By centering foreign policy debates around such lofty ideals, the foreign policy establishment can avoid acknowledging the truth: the truth that we are poorer, less respected, less influential, and less safe today than we were, not only on September 6, 2001, but on December 31, 1991. Far from improving the lot of ordinary Americans, the immense sums spent on national “defense” have done little but destroy the lives of millions abroad while squandering so many possibilities for national renewal at home. As genocidal extermination continues in Gaza, as we reach an inflection point in the war in Ukraine, and as we sleep walk towards catastrophe in Asia and the Middle East, it is incumbent upon us to break through the conspiracy of silence on the subject self-interest: the self-interest of “real America,” of “the 99%.”

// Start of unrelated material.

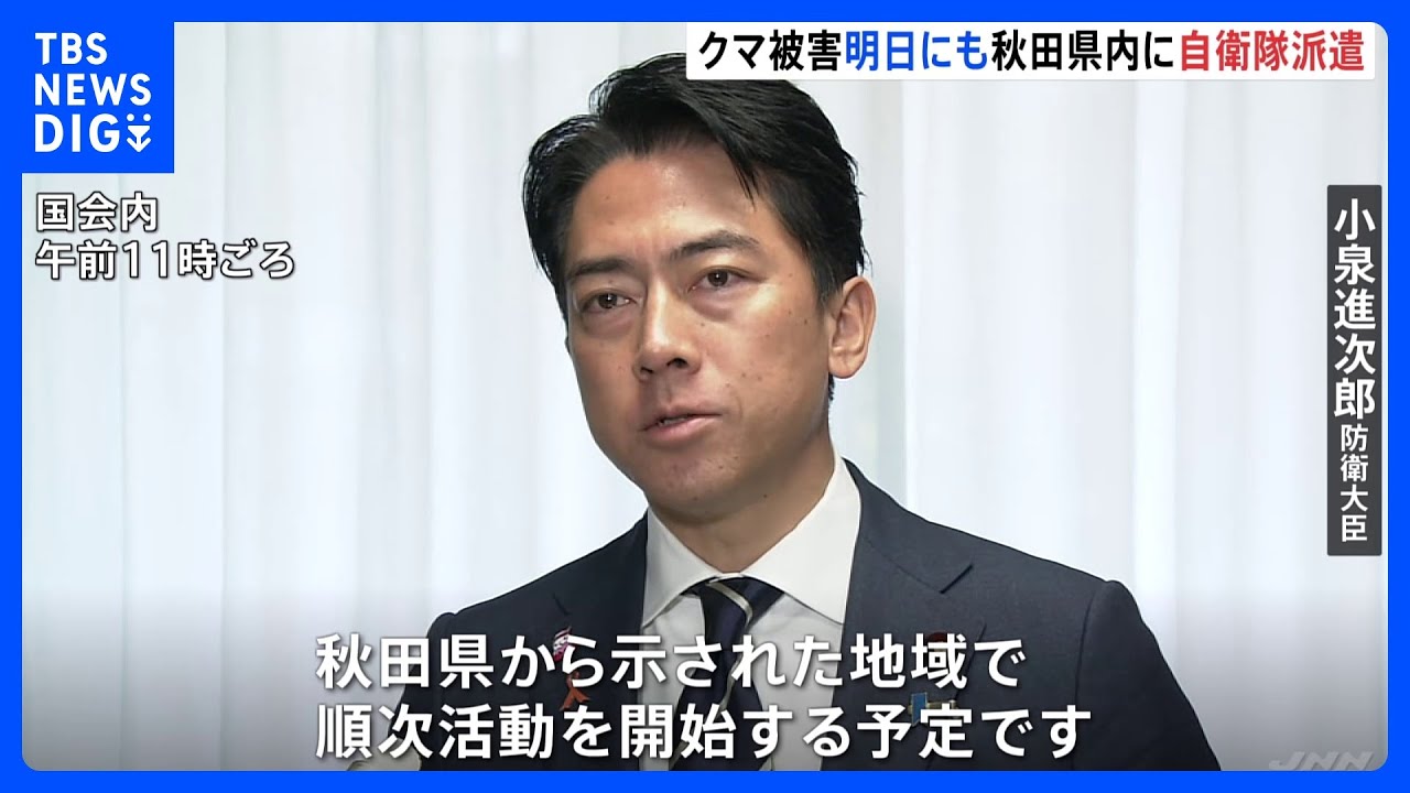 秋田県内でのクマ被害について、小泉大臣は自衛隊による支援活動をあすにも開始すると明らかにしました。

How do we do this? We do it by developing ever more persuasive arguments that highlight the immense damage that our foreign policy establishment has done to our economic well-being and national security. We do it by asking each other whether we wish to live in a country where the annual budget for national “defense” has exceeded $850 billion, even as as many as 13% percent of the population is “food insecure” (i.e., hungry), real wages have been stagnant for fifty years, wealth inequality has skyrocketed, longevity and educational achievement has declined, and deaths of despair have soared—including among veterans, who are killing themselves at a rate of nearly 17 people per day.
Finally, we need to ask our fellow Americans whether they wish to live in a world where their government is increasingly isolated on the world stage, is shredding the “rules based order” tenuously established after WWII, is increasing the threat of nuclear armageddon, and is flaunting the human and political rights of non-Americans (and sometimes of Americans themselves). We must ask these questions, and we must propose answers backed-up by reasoned argument and researched data. We must convince our fellow Americans, not of their (again, incontrovertible) complicity, but of the fact that an unchecked, unethical, and frankly psychopathic foreign policy establishment serves none of our own interests as Americans: our interests of living in a prosperous society, a respected nation, and a peaceful world.
One day, Americans will be forced to deal, en masse, with the tragic fact that, as Frederick Douglas once put it, “there is not a nation on the earth guilty of practices more shocking and bloody than are the people of the United States.” Until then, and if we wish to build a majoritarian movement that can put an end to these practices today, the appeal to self-interest is our best hope.